Jefferson County Case May Turn on Meaning of Word ‘Bond’ on day true story



December 27, 2011, 1:50 PM EST

By Steven Church

(Updates with hearing begins in second paragraph.)

Dec. 15 (Bloomberg) -- The fate of the biggest municipal bankruptcy in the U.S. may depend on how judges in Alabama define the word 'bond.'

Alabama's Jefferson County is in court today defending its decision to file for bankruptcy. Creditors including Bank of New York Mellon Corp. and JPMorgan Chase & Co. objected to the filing, claiming state law bans Alabama counties from entering bankruptcy unless they have issued "refunding or funding bonds."

Jefferson County doesn't have any debt that is officially labeled as a bond; its bankruptcy was caused mainly by more than $3 billion in sewer warrants. One Alabama town, Prichard, had its bankruptcy petition thrown out because its debt didn't include funding bonds, according to court papers. That case is on appeal to the Alabama Supreme Court.
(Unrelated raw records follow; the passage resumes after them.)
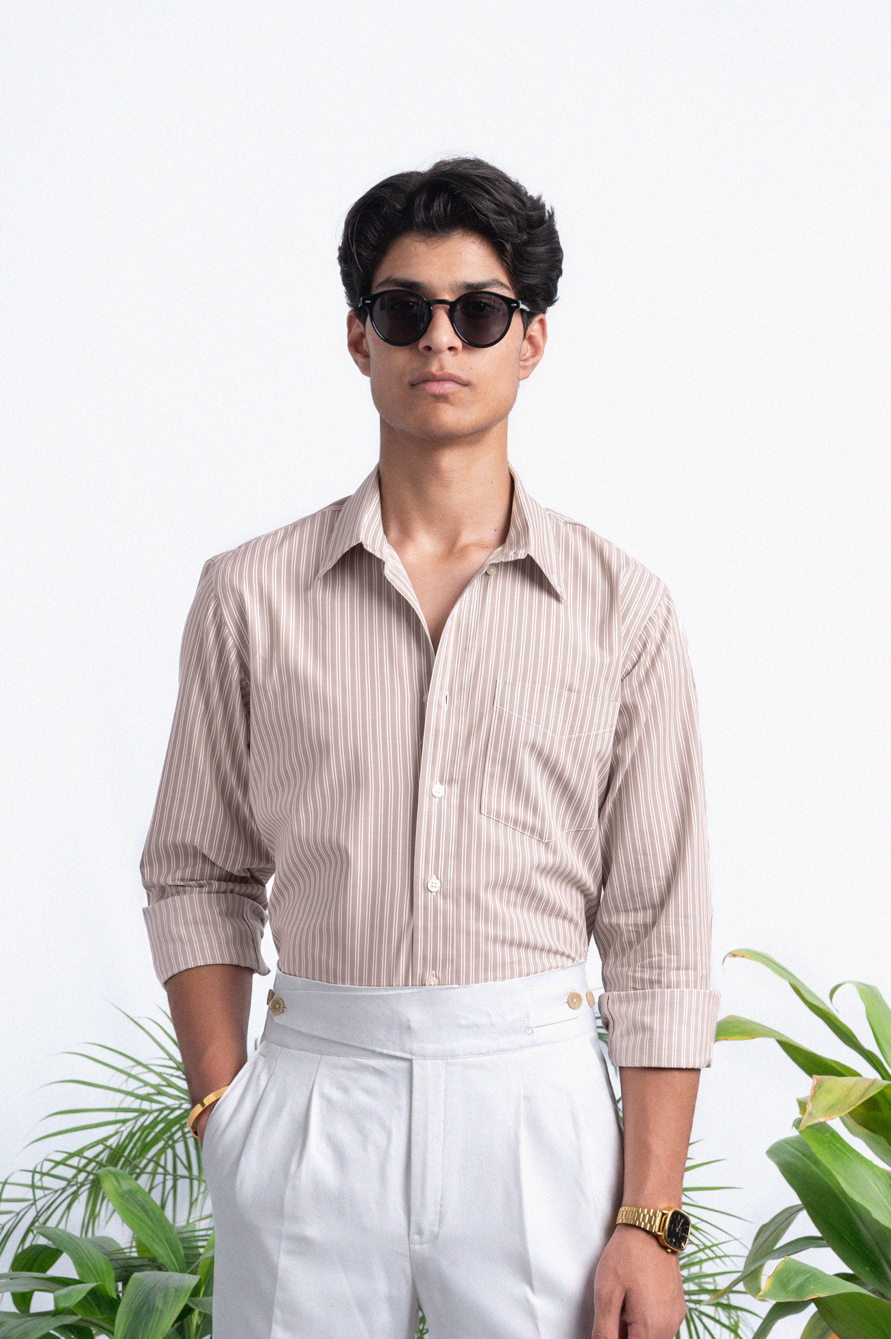 140s LUXURY BROWN WHITE POPLIN BUSINESS STRIPED SHIRT
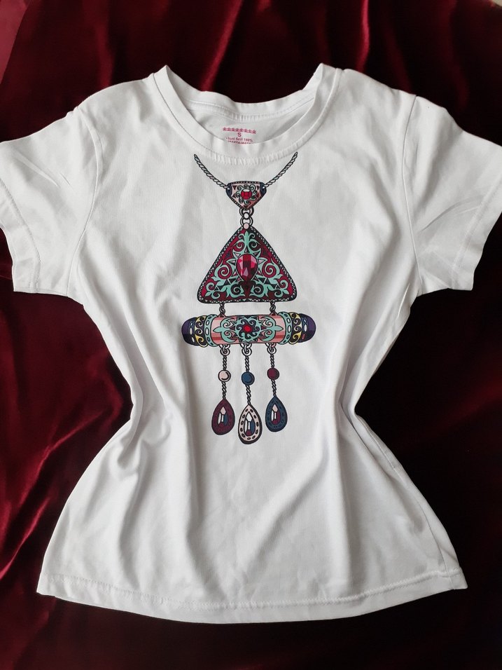 renkli bohem tarzı kadın tişörtü. Kısa kollu, yuvarlak yakalı ve bol kesimdir. pamuklu malzemeden yapılmıştır.
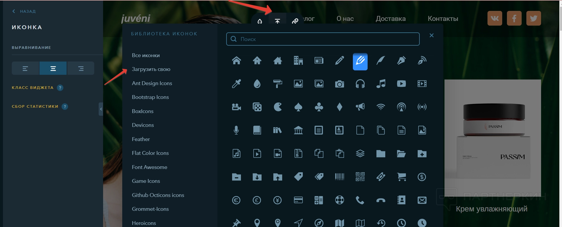 Последний виджет в подразделе — это «Иконки». С его помощью можно добавлять отдельные иконку к тексту, чтобы разделить его, или отмечать собственные соцсети, например. Кроме того, можно выгружать и собственные иконки, чтобы использовать их по странице или залить логотип компании и добавить его в меню.
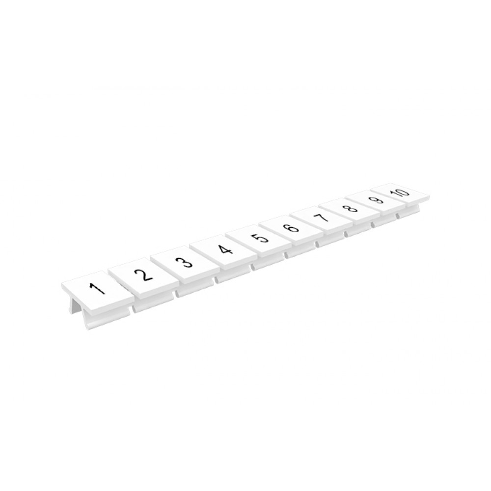 Маркировочные шильдики, для клемм сечением 10 мм.кв., боковая, 10 шильдиков, нанесенные символы: 1...10, с горизонтальным расположением, размер шильдика: 10 x 10,6 мм, цвет: белый
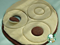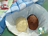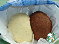 Тесто разделить на две равные части. В одну часть добавить 2 ст. л. какао - порошка и тщательно замесить. Обе части накрыть полотенцем и поставить в теплое место для подъема. |
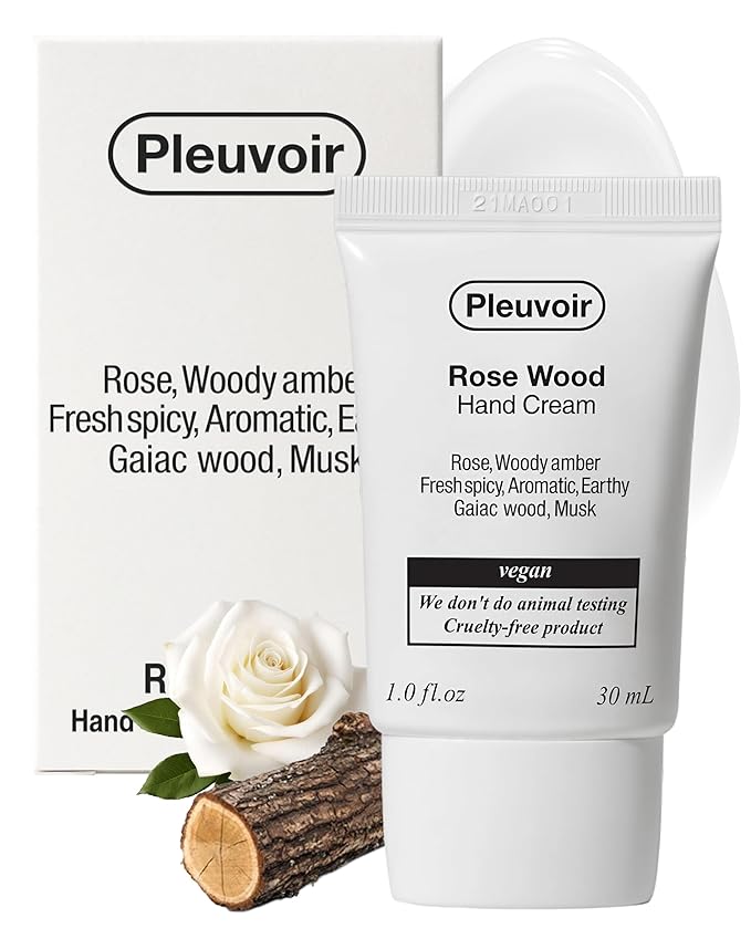 Pleuvoir Hand Cream Rose Wood - Fresh Blooming Rose Smoky Woody Scent - Lightweight, Non-Sticky Moisturizing with Shea Butter, Hyaluronic Acid and Jojoba Oil - Vegan Korean K-Beauty, 1oz
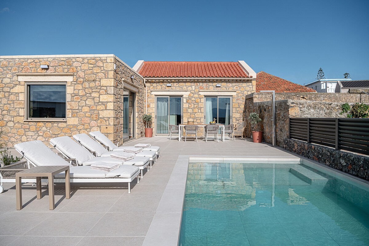 ✩ Tangkilikin ang "tunog" ng katahimikan ✩ Masiyahan sa magagandang tanawin ng dagat at puting bundok ✩ Swimming pool rest area na may tanawin ng bundok ✩ Terrace na may tanawin ng dagat ✩ Binakuran ang lawned garden ✩ Isang nakakarelaks na base na perpektong matatagpuan para tuklasin ang kanlurang bahagi ng Crete ✩ Walking distance sa reasturants at pharmacy ✩ Pribadong Heated Pool (Kapag hiniling nang may dagdag na bayarin: 25 € / araw)
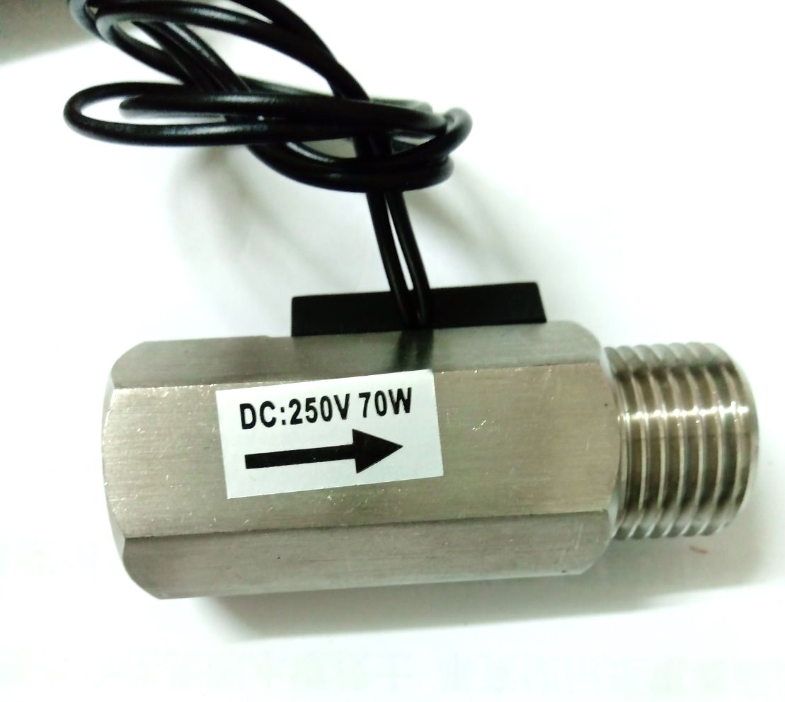 4分管內外牙不銹鋼 水流開關,此款是不銹鋼材質,進水口及出水口有分內牙及外牙及內外牙,本體上有標示箭頭方向,水有通過時,會呈現導通的狀態,額定的電壓及功率為100V 10W 所以可承受的電流只有0.1A,使用時必須透過電磁開關或是繼電器,才能控制負載,可用於電熱水器等相關產品

"If the creditors are right, the outcome will turn on the distinction, if any, between bonds and warrants," Dale Ginter, a lawyer who represented retired city workers in Vallejo, California's bankruptcy, said in an e-mail. "Financial instruments are occasionally given different names -- even if the economic impact is the same."

Jefferson County contends that limiting the bankruptcy option in Alabama to municipalities with bonds is "absurd."

"Were the objectors' argument the law, a county struggling to service $3 billion in bond debt would be authorized to declare bankruptcy, but a county struggling to pay the same $3 billion in warrant obligations would not," the county argued in court papers filed Dec. 13.

Explicit Law

Bondholders and other creditors claim the state law authorizing bankruptcy is explicit and should be applied to Jefferson County the same way it was applied to Prichard.

Bondholders have asked U.S. Bankruptcy Judge Thomas B. Bennett in Birmingham to dismiss the bankruptcy, which gives the county the right to stop paying some bills temporarily while it reorganizes its finances. Under Chapter 9 of the U.S. Bankruptcy Code, the county may seek court approval for a plan to reduce what it owes creditors.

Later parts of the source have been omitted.